Голод - Лина Нурдквист
Шрифт:
Интервал:
Закладка:
Я покупала новое, обустраивалась, стелила на стол красивую скатерть, но это, судя по всему, ничего не давало – всё равно все толклись внизу, у нее.
– Иди, потрогай, Кора, – могла окликнуть меня снизу Бриккен, – Какой мягкой становится ткань, когда все складочки расправлены!
Я не хотела. Даг улыбался глупой улыбкой, уезжал на работу, снова возвращался, пачкал, чесал в затылке, снова улыбался. Его руки вокруг моей талии, сопение в затылок. Попытаться поделиться с ним мечтами или тревогой – все равно что резать лук в двух сантиметрах от лица. Он только ухмылялся. Малыш Бу просыпался каждый час, как кукушка в часах, смотрел на меня и хныкал, хныкал. Я пыталась думать о босых детских ножках, о расцарапанных коленках с нежным пушком, но по полу ползли воображаемые пауки и нашептывали совсем другое. Потолок опускался мне на голову, когда Бриккен переступала через кучи мокрого снега в саду, в радостном возбуждении, с неизменной черно-белой шапкой на голове.
– Спускайся вниз! – кричала она, едва зайдя в дом. – Кофе готов! Поторопись – только богатые могут себе позволить медлить.

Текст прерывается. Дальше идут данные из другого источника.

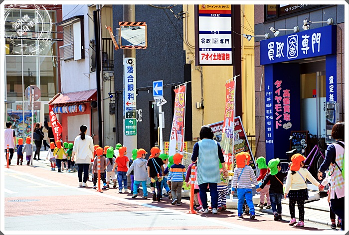 出了車站後走到第一條小街就可以左轉了,直直走就會看到商場,當天早上還遇到一群小朋友呢,彷彿就像是遇到了蠟筆小新的向日葵班,小朋友們都好可愛又守規矩。 |
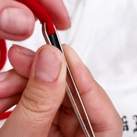 With the tool that easily and quickly grips the elastic ribbon, drawstrings, and cording. The clips have special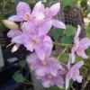Colour: Lavender-magenta petals; lip with white/yellow throat and flame-style magenta veining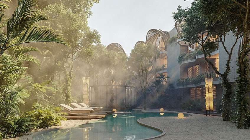 Selva Ámbar Tulum es un complejo de apartamentos cuidadosamente diseñado que celebra un estilo de vida Eco Chic, fusionando armoniosamente el lujo con un profundo respeto ecológico. Este proyecto está diseñado para mantener más del 60% de su vegetación original, destacando su compromiso con la sostenibilidad y el ecosistema natural.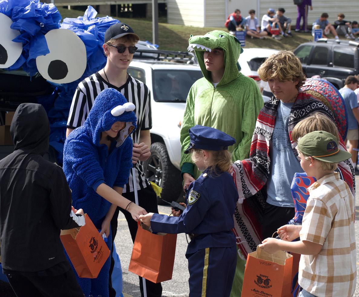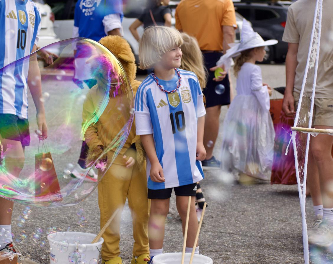 Set up started early, as Upper School students decorated their cars to the delight of younger Admirals who “trunk-or-treated” their way around the parking lot. Accompanied by parents, eighth grade buddies, teachers, and friends, costumed Early and Lower Schoolers received chocolates and candies from the older students. From farmers complete with a John Deere tractor and chickens to yellow Minions and Christmas elves, it was a Community Time treat for all.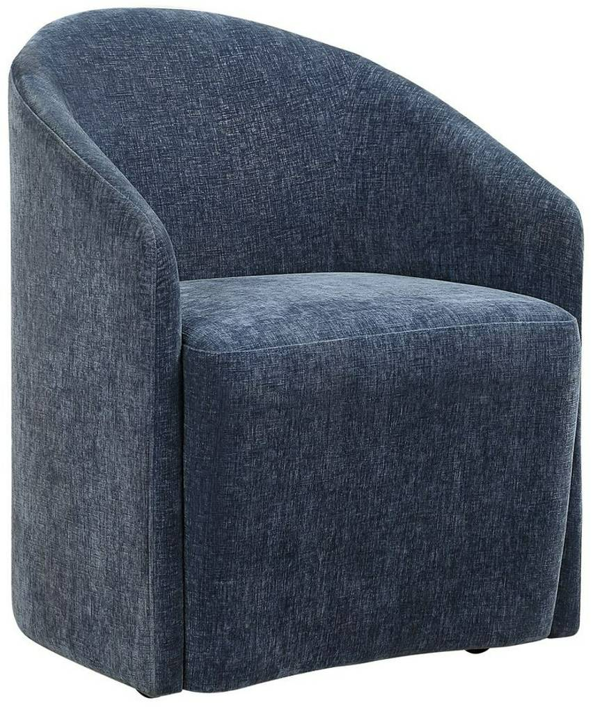 Make a statement at your dining table with the Harbor dining chair. Complete with sumptuous curves with its unique barrel back design encapsulating its seat, complete with rolling casters for ease of use. Fully upholstered in a crosshatched polyester velvet in harbor blue.Read More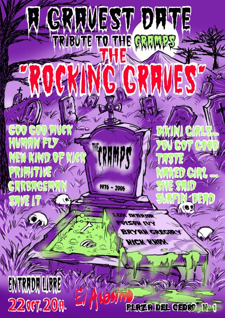 Para disfrute de todos los seguidores del punk y psychobilly creado por Lux Interior y Poison Ivy, el pub El Asesino de la Plaza del Cedro ha programado un homenaje a The Cramps, «A Gravest Date», a cargo de The Rocking Graves para el 22 de octubre, en el que interpretarán temas como «Human Fly», «You Got Good Taste», «Goo Goo Muck», «Bikini Girls With Machine Guns» o «Surfin´Bird» entre otros clásicos de la banda.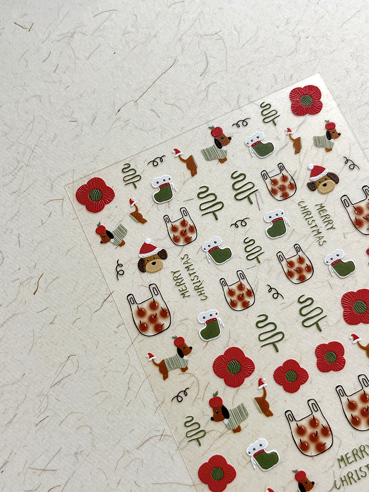 YITU 개미 그림 양각 크리스마스 작은 붉은 꽃 네일 아트 스티커 접착제 네일 장식 스티커 YT4329 강아지 양말스토어 가기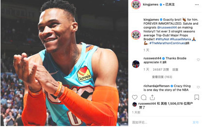 这个赛季,韦少又一次达成场均三双的成就,而看到韦斯布鲁克如此表现,在社交媒体上,勒布朗-詹姆斯也特意发文,表示祝贺,“太棒了兄弟,永垂史册,致敬并且祝贺韦斯布鲁克创造历史,成为历史上第一位连续三个赛季,拿下三双表现的球员。”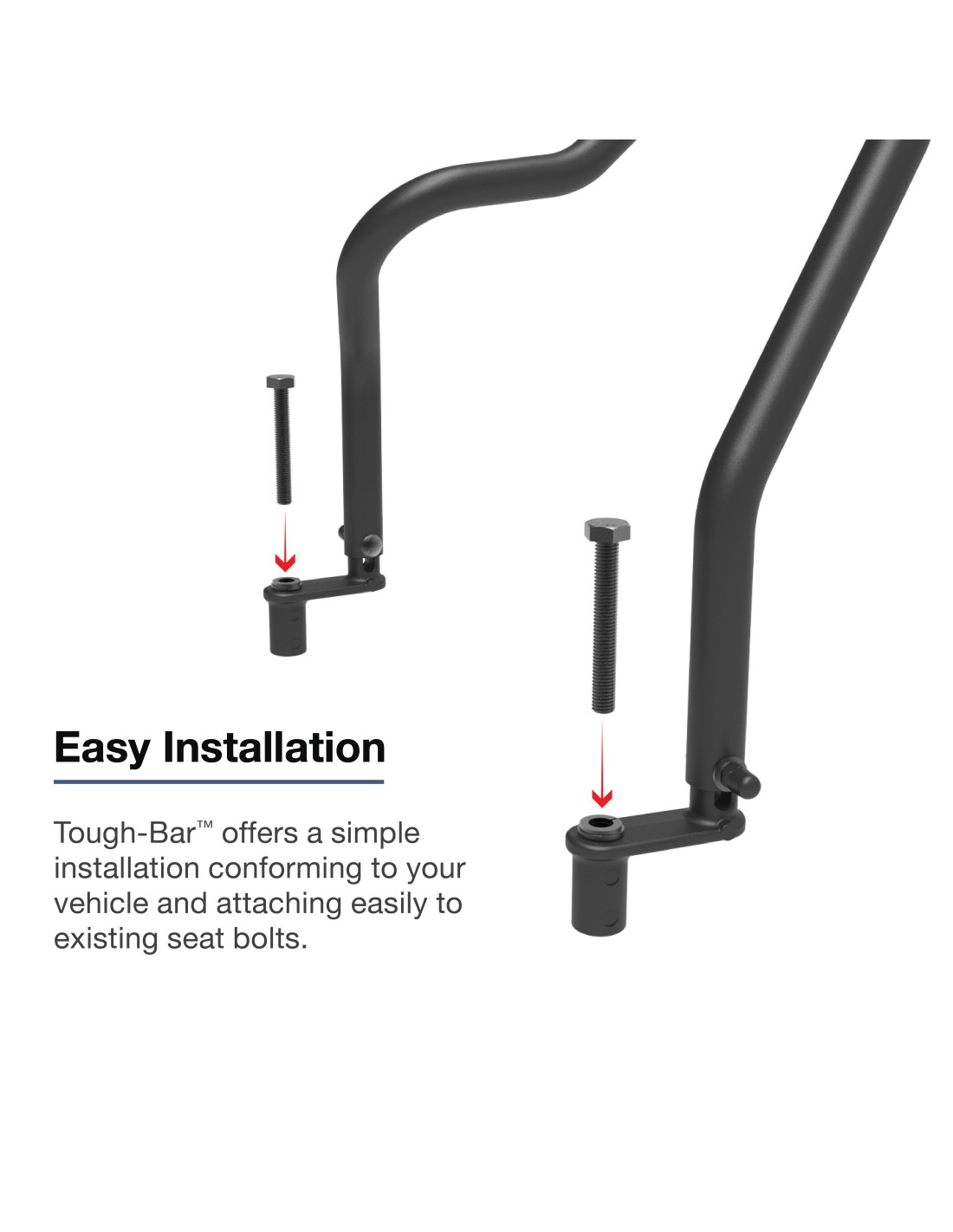 - Secures to the driver seat bolt, passenger seat bolt, and center dash for maximum stability and minimal vibration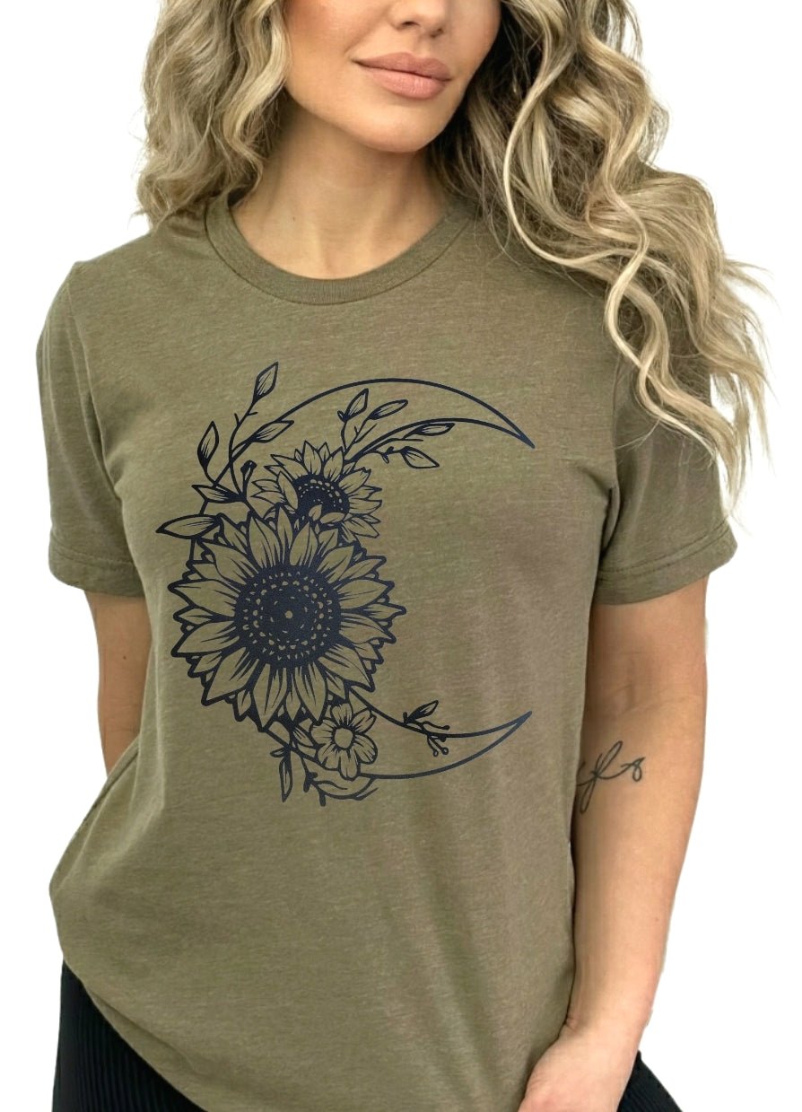 Heather Olive Moon Flowers Tshirt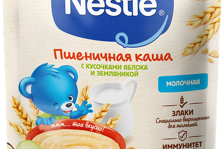 Каша пшеничная NESTLE молочная, с кусочками яблока и земляникой, с 8 месяцев доставка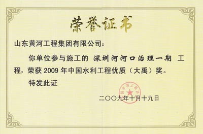 近日,从山东黄河工程集团有限公司传来喜讯,经过中国水利工程大禹奖申报、评审、网上公示等程序,中国水利工程协会评选出了2009年中国水利工程大禹奖 ,集团公司承建的深圳河河口治理一期工程名列其中,这也是山东黄河工程集团获得的第三块大禹奖奖牌。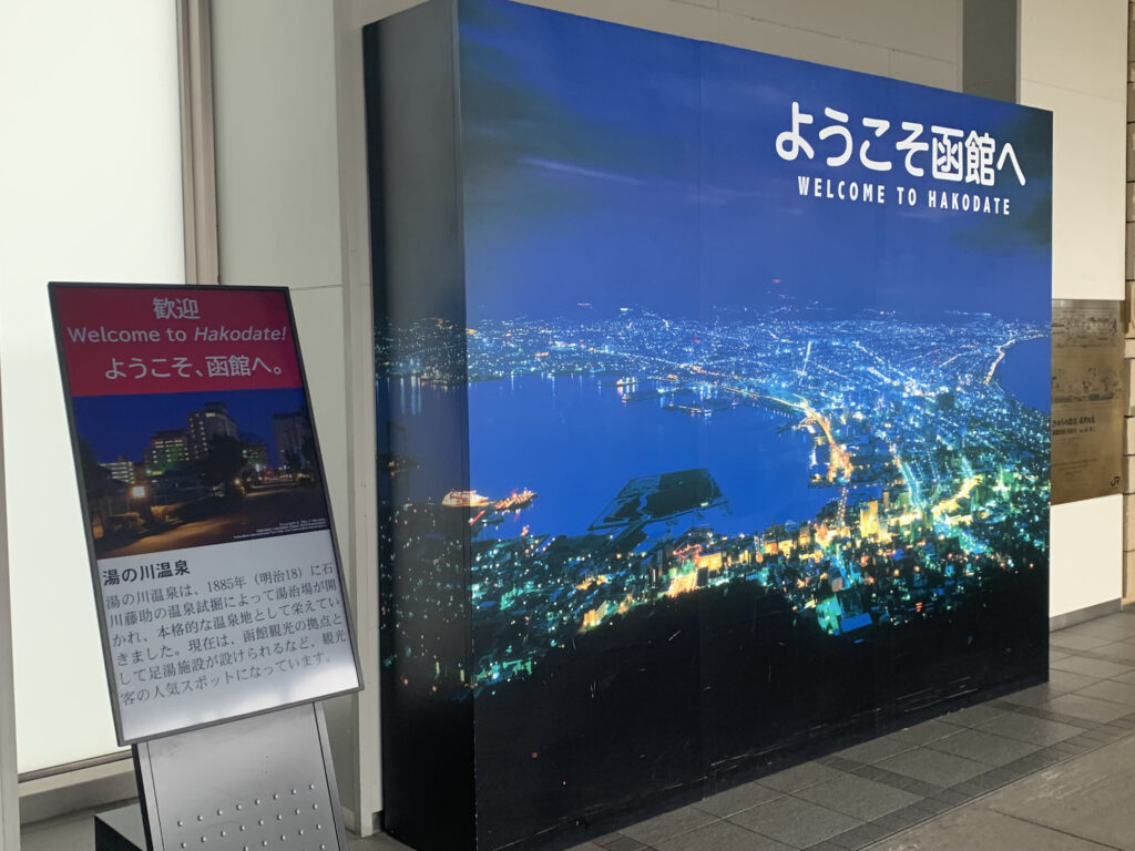 改札をくぐると「ようこそ函館へ」と書かれた美しい夜景の看板が目に飛び込んできます。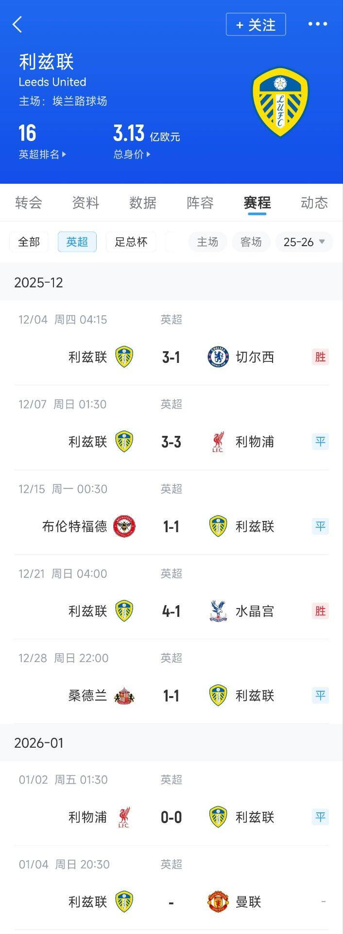 算作保级队,白玫瑰利兹联近6轮英超获得2胜4平拿到10分,战绩绝顶亮眼。更穷苦的是,他们的敌手含金量透顶:切尔西(胜)、利物浦(2平)、布伦特福德(平)、水晶宫(胜)、桑德兰(平)。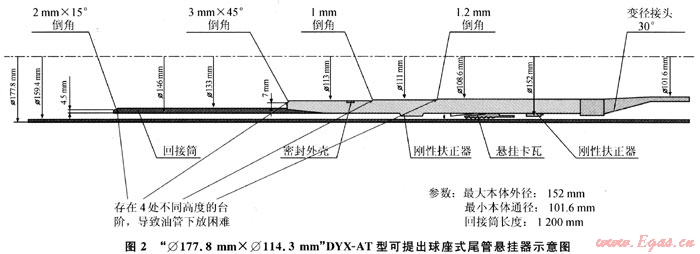 2) 懸掛器入井座掛后,除上面提到的11.21mm的臺(tái)階,內(nèi)壁還存在10mm(3×45°倒角)、1mm和1.2mm共3個(gè)臺(tái)階(圖2),即使油管喇叭口順利進(jìn)入懸掛器回接筒,在穿越懸掛器過(guò)程中也存在較大遇阻、遇卡風(fēng)險(xiǎn)。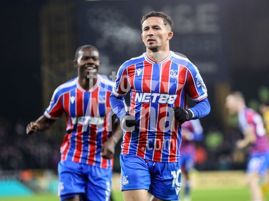 2846880 Yeremy Pino (10 Crystal Palace) comemora o segundo gol durante a partida da Premier League entre Wolverhampton Wanderers e Crystal Palace no estadio Molineux em Wolverhampton, Inglaterra. (Natalie Mincher/SPP)

Сиять и проявлять заботу она тоже умела – ведь у нее был Руар. У него все получалось просто, даже яйца он ел проще, чем другие. Многие по одному вынимают осколки скорлупы, как стекла из раны. Руар делал не так. Он слегка постукивал ложкой вокруг вершины яйца, потом снимал крышечку, как шляпу, так что белок сиял под ней. Увидев, что мы смотрим, не отводя глаз, он поднимал брови.
– Ешьте, – говорил он. Когда отключалось электричество, он клал руку мне на спину, подводил меня к моему стулу за кухонным столом, помогал мне сесть и уходил чинить пробки. Электричество и он всегда возвращались.
Теперь Бриккен, дуя на свой кофе, поднимает брови, в точности как Руар. Брови у нее кустистые, как бывает у пожилых людей. Неужели кофе на этот раз получился крепче, или это меня взял стыд? Не глядя на меня, она заводит разговор о Курбитс и о том, что Руар был в старости забывчив – видать, сам взял эти таблетки, а потом забыл. Не хочет же она сказать, что… Но я-то знаю, как обстоит дело – он был из тех, кто на все обращает внимание. И кошка. Не понимаю, как можно до такой степени избаловать животное, а потом им восхищаться. Она мурлыкала и задавалась, хвастаясь вниманием, которое к ней проявляли. Заслужила свою судьбу.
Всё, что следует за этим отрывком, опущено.